- TO DO -
Exactly reproduce the lines of the listing below from the one containing "9. 哥哥和弟弟玩扑克牌比大" through the one containing "Паяльник с керамическим". Skip the images.

** Opening MATERIAL SUPPLIED block **

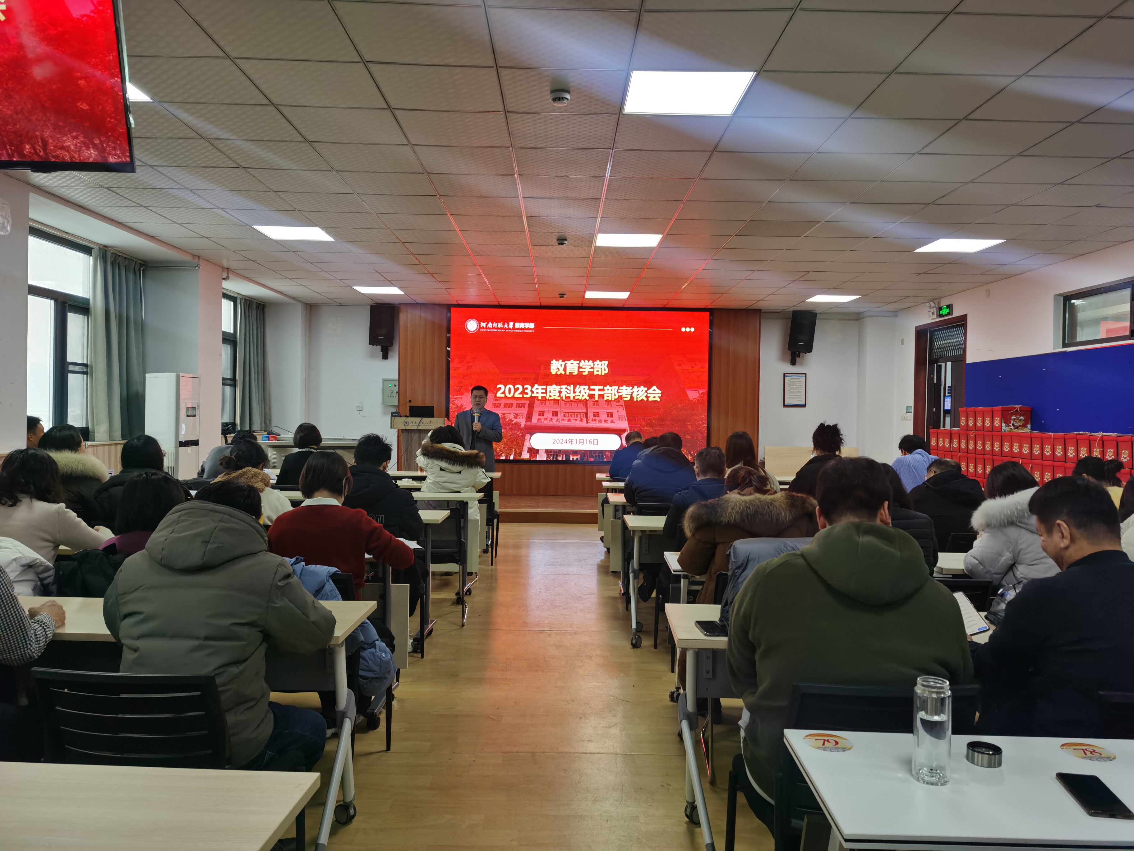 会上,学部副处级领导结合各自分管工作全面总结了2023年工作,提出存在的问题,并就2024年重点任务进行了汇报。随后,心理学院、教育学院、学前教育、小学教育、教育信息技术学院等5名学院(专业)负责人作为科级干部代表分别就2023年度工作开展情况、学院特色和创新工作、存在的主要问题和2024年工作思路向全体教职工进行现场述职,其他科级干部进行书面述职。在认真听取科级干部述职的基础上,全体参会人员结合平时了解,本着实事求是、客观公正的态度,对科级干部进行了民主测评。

** Closing MATERIAL SUPPLIED block **
** Opening MATERIAL SUPPLIED block **

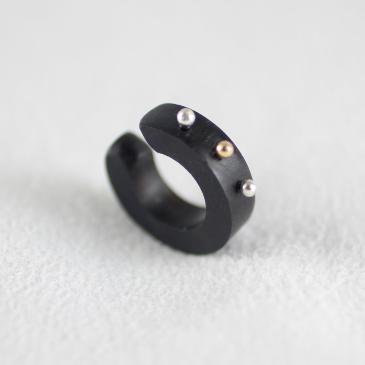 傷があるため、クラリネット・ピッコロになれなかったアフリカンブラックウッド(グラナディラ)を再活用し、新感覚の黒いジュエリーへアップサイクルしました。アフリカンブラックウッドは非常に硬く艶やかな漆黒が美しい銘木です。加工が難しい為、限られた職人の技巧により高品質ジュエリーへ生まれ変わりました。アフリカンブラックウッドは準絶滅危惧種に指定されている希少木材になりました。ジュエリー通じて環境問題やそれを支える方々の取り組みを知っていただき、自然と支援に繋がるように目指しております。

** Closing MATERIAL SUPPLIED block **
** Opening MATERIAL SUPPLIED block **

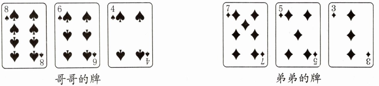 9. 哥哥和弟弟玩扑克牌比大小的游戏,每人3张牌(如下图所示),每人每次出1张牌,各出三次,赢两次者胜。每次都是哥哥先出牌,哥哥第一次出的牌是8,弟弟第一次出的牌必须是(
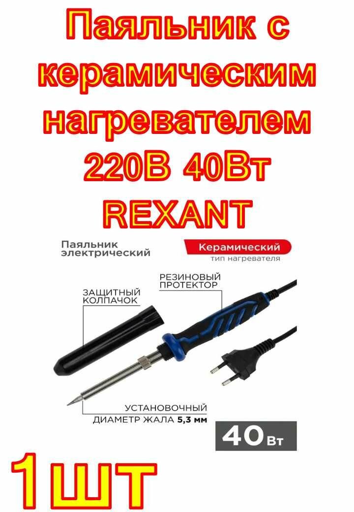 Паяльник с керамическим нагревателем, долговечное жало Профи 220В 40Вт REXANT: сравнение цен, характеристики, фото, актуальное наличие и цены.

** Closing MATERIAL SUPPLIED block **

- OUTPUT -
 9. 哥哥和弟弟玩扑克牌比大小的游戏,每人3张牌(如下图所示),每人每次出1张牌,各出三次,赢两次者胜。每次都是哥哥先出牌,哥哥第一次出的牌是8,弟弟第一次出的牌必须是(
 Паяльник с керамическим нагревателем, долговечное жало Профи 220В 40Вт REXANT: сравнение цен, характеристики, фото, актуальное наличие и цены.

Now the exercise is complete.